Dear Mrs. Pilar del Río, I am writing to you as a Canary Islander, a reader of some of Saramago's works, and as a citizen who expresses his opinion on current affairs. For a few days now, you have been declaring that you are "outraged", ...
Dear Mrs. Pilar del Río, I am writing to you as a Canary Islander, a reader of some of Saramago's works, and as a citizen who expresses his opinion on current affairs.
For a few days now, you have been declaring that you are "outraged", a not very creative adjective in these times, by the little affection that the Canarians show for your husband and by the immobility that you say you see in Spanish society.
You demand and almost demand that they help you exploit the cultural complex that you have built around the figure of Saramago and threaten to dismantle the house-museum built in Tías (Lanzarore) and move all the writer's belongings to Lisbon, where the Saramago Foundation is located and which you currently chair. You also regret that the Canarians are the least likely to visit the cultural complex.
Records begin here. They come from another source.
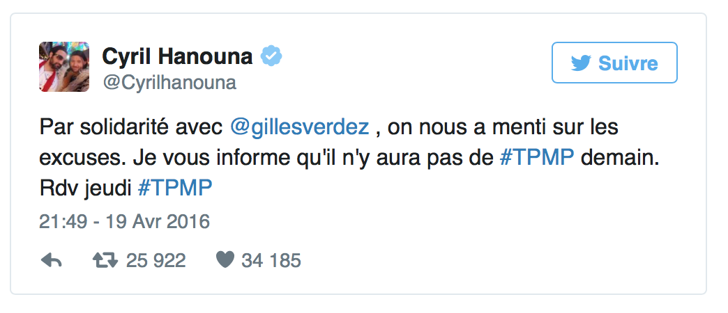 Cyril Hanouna vient d’annoncer sur son compte Twitter qu’il annulait le TPMP de demain avec Nabilla en invité en solidarité de son chroniqueur. Quant aux internautes, ils demande actuellement le renvoi de Joey Starr.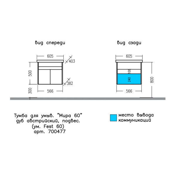 Тумба Мира 60 изготовлена под фаянсовый умывальник Sanita Fest 60.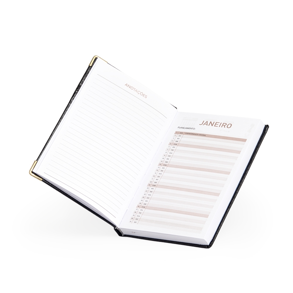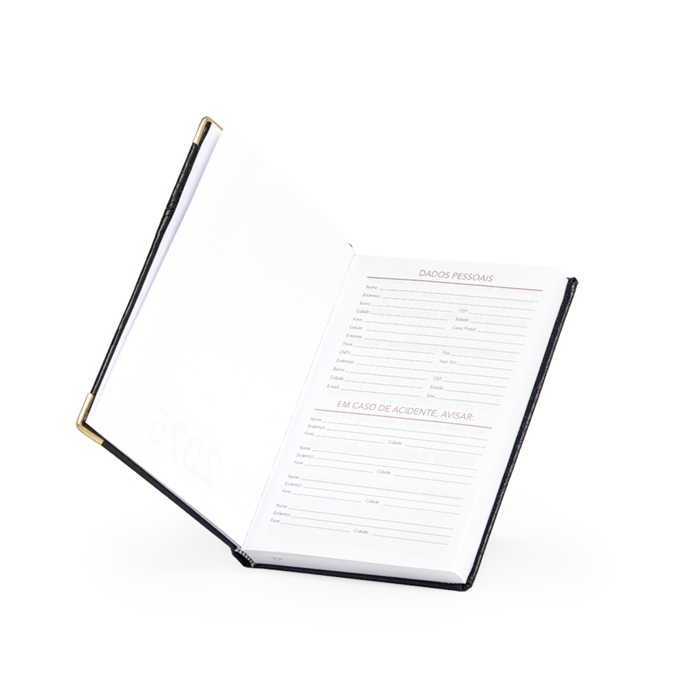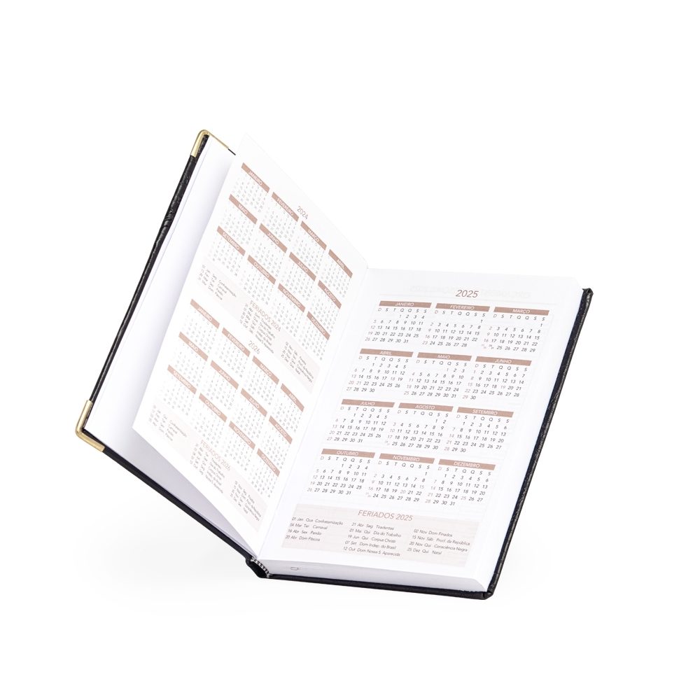 Agenda diária 2025 de couro sintético. Contém fita de cetim marca página, dados pessoais, calendário de 2024 à 2026, mapa do Brasil, mapas, índice telefônico e planejamento. Altura :  20,4 cm Largura :  14,1 cm Espessura :  2,1 cm Medidas aproximadas para gravação (CxL):  3 cm x 5 cm Peso aproximado (g):  418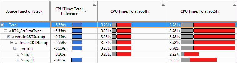 By default, the VTune Profiler displays compared functions grouped by the Call Stack granularity, which is based on function instances. But you may want to switch to the Source Function Stack grouping to get more accurate comparison results in the following cases: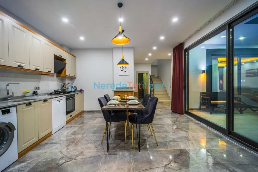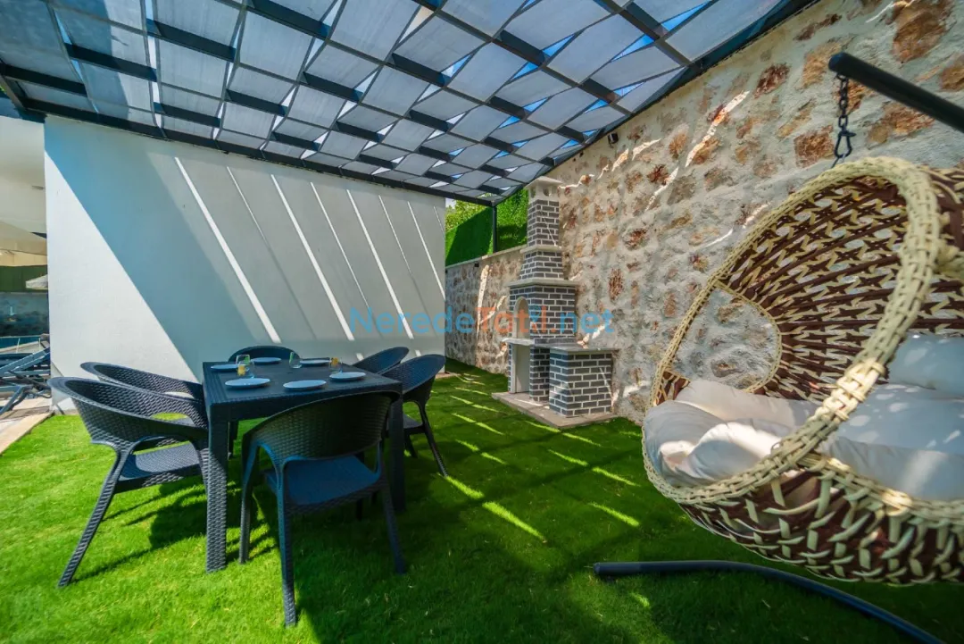 Villanın sunduğu diğer olanaklar arasında bahçede BBQ - Mangal yapma imkanı, otopark, saç kurutma makinesi ve ütü bulunmaktadır. Modern ve şık tasarımı ile bu villa, konfordan ödün vermeyen bir tatil vaat ediyor.

A few weeks ago, you also raised your voice due to the lack of support that the film "José and Pilar" has received after not passing the screening to represent Portugal at the Oscar Awards. A film/documentary that shows your relationship as a couple in your day-to-day life in Lanzarote and Lisbon, in your home and on your trips around the world, with the Nobel Prize winner. You demand that they have not invested more money in promoting the film.
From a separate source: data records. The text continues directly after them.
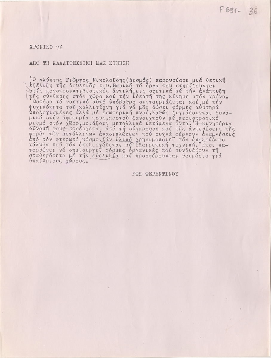 Φωτοαντίγραφο, δακτυλόγραφο, χαρτί, 28×21 εκ., στα ελληνικά, αποδελτίωσης κριτικής έκθεσης του Γιώργου Νικολαΐδη, η οποία διεξάγεται στην Αίθουσα Τέχνης Δεσμός στην Αθήνα.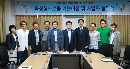 군산대학교가 지난 19일 대학본부 소회의실에서 (주)하츠와 옥상용 풍력가로등 기술 이전식을 가졌다.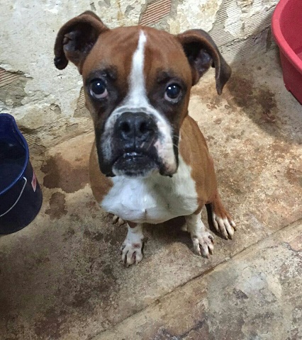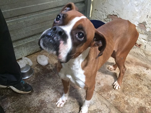 Neron ist ein hübscher Boxer, im besten Alter. Er hatte großes Glück, dass befreundete Tierschützer ihn übernehmen konnten.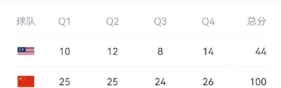 这根本就不是一个级别的比赛 U16亚洲杯小组赛中国男篮100:44马来西亚男篮,56分的分差,实力悬殊也太大了 一,吕飞燕砍下18分8篮板4助攻2抢断 三分球6投3中 赵博新14分8篮板 张懿赵杰12分4篮板1助攻2抢断 张子一全场唯一两双11分11篮板2盖帽 张淳智9分7篮板1助攻2抢断 杨子默9分2助攻、陈昱休8分6篮板9助攻 二,首发登场的直播吧评分最低的是石洺豪 3.2分,投篮竟然6投0中 再就是替补登场齐鹏帆7投1中#秋日生活打卡季#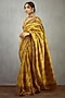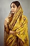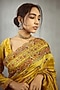 Featuring a yellow saree in handwoven chanderi silk and organza base with digital print, hand block print and aari embroidery. Accentuate it with heritage jewellery, a low bun and heels for a festive occasion, wedding or engagement ceremony.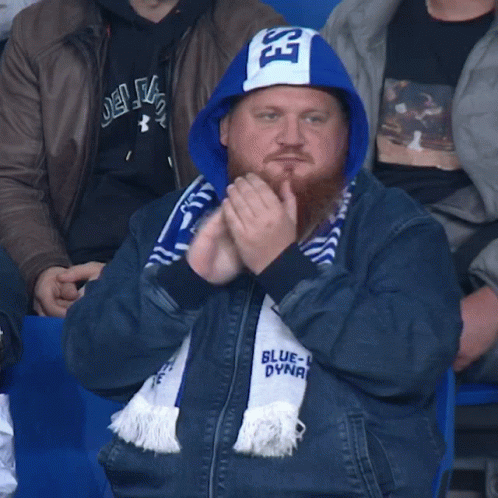 A dedicated Dynamo Moscow fan, wearing a team scarf and hat, claps enthusiastically at a football match.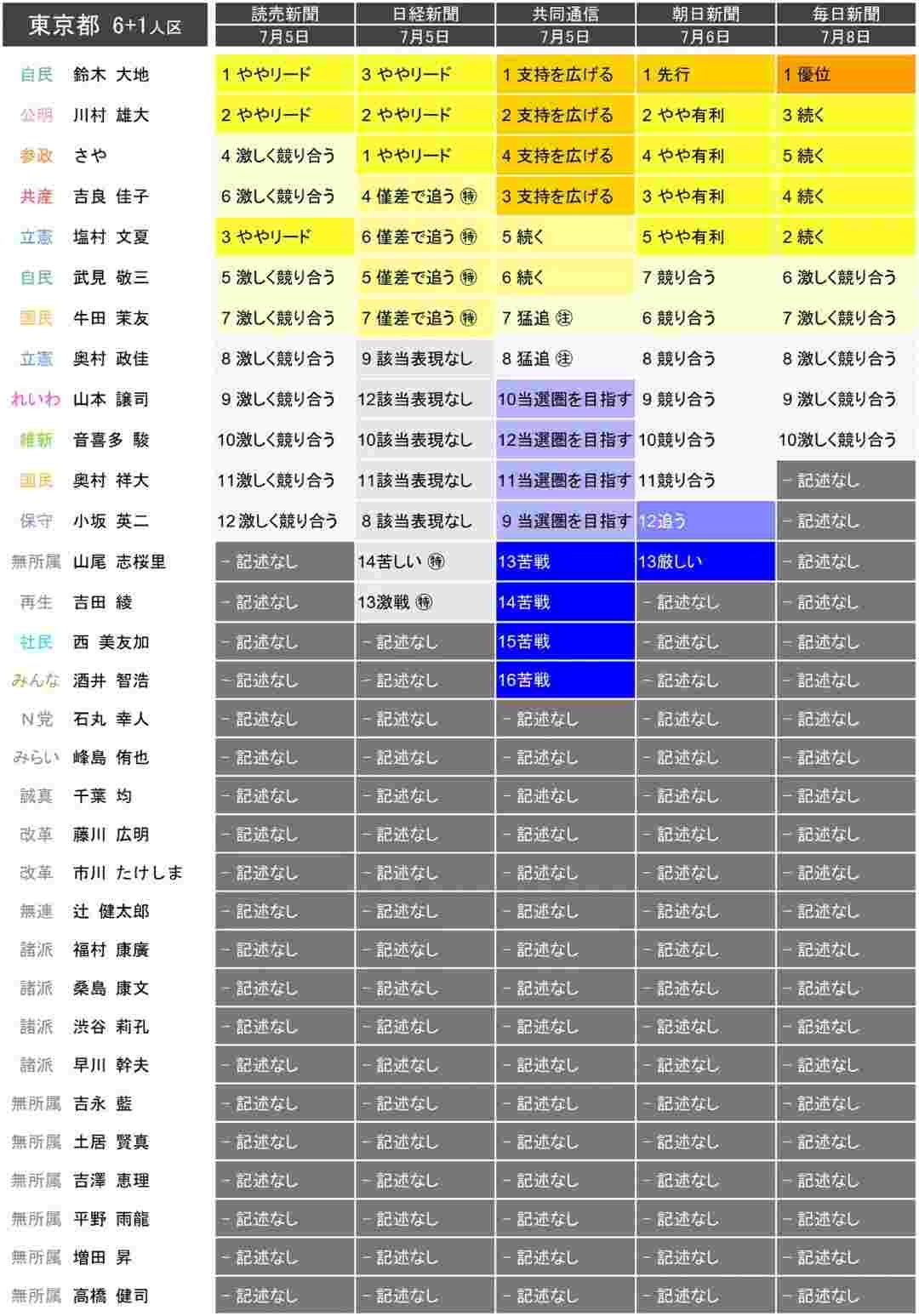 都議選の総票数からすると比例代表ぐらいはいけそうな気がしたけどそれも厳しいの?

Mrs. Pilar, love is the greatest and most beautiful thing that exists, but you have to understand that Saramago was not, nor is he the center of the world. Don't think that we Canarians are ungrateful, we are immersed, all of Europe and the world, in more complex and vital issues. I am talking about basic needs such as eating, to be aware of the Saramago Cultural Complex in Tías. Which I am not saying is not important. Even so, and subtracting it from more basic items, the Canarian entities have committed an important budget item to erect a monument next to your house. Don't you think that's a sign of affection? I also remind you that the writer in 1999 was chosen "Adopted Son of Tías", when in Portugal the Oporto city council voted against the proposal to put the name of the writer José Saramago on a street in the city. And even so, you decide to bury your husband's ashes there and you want to take the writer's things to your country.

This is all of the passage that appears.